Fig. 5 illustrates the lack of precise correlation between morphometric distinctiveness and genetic divergence in mouse lemur species. The results of discriminant function analysis of 34 cranial, dental, and external morphometric characters are redrawn from ref. . Functions 1 and 2 (A) show conspicuous discrimination of Microcebus berthae from other species, but otherwise do not discriminate well among species. Functions 2 and 3 (B) show discrimination of all species, with Microcebus berthae remaining as highly distinct. (C) A maximum likelihood phylogram of species-specific haplotypes derived from the fibrinogen α intron 4 locus illustrates that Microcebus berthae and Microcebus myoxinus are genetically very similar. Conversely, Microcebus ravelobensis is genetically and phylogenetically divergent.

Fig. 6.

Minimum spanning network of the fibrinogen α intron 4 (609 bp) in genus Microcebus.
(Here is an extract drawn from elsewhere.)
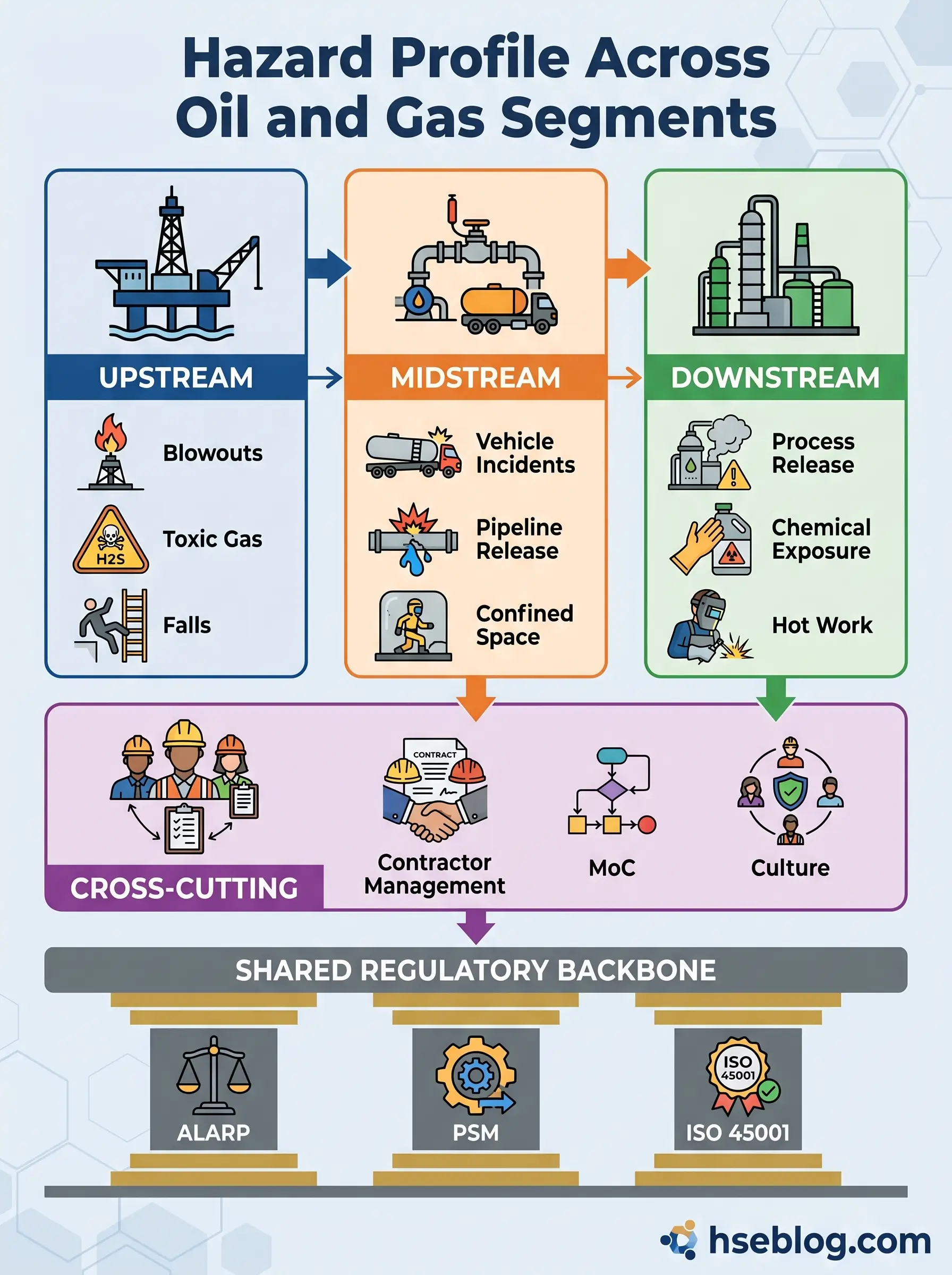 The industry operates across three broadly different worlds. Upstream covers exploration, drilling, and production — the rigs, platforms, and well pads where hydrocarbons are pulled out of the ground. Midstream moves the product through pipelines, rail, road, and tankers. Downstream is refining, petrochemical conversion, and distribution to end users. The hazards overlap heavily but the dominant risks shift. A drilling crew thinks about blowouts first; a refinery shift supervisor thinks about hydrocarbon release and runaway reactions; a pipeline operator thinks about third-party damage and dispersion modelling. This article applies one consistent framework — the hierarchy of controls — across all three segments.
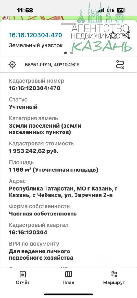 РТ, г.Казань, с.Чебакса, ул.Заречная2-я, кадастровый номер 16:16:120304:470 и 16:16:120304:471, продаются два смежных участка отлично для застройщиков под подстроки 4 домов, участки находятся на возвышенности с шикарным видом, газ свет по границе участка, вода скважина.

This network was calculated in arlequin 2.000 (80) using pairwise differences between haplotypes. Each shading represents an individual species. Numbers inside circles and squares are the number of individuals sharing a haplotype; empty circles equal one individual. Numbers on connecting lines are the number of nucleotide changes separating each haplotype; empty lines equal one change. Note that all alleles for Microcebus ravelobensis are species-specific and are highly diverged from alleles sampled from other species. Conversely, the allele in greatest frequency within the myoxinus-berthae-rufus1 clade is identical among the three species. Sequences are deposited in the GenBank database under accession nos. DQ003345-DQ003479. (Adapted from K.L.H., R.R., S.M.G., and A.D.Y., unpublished work.)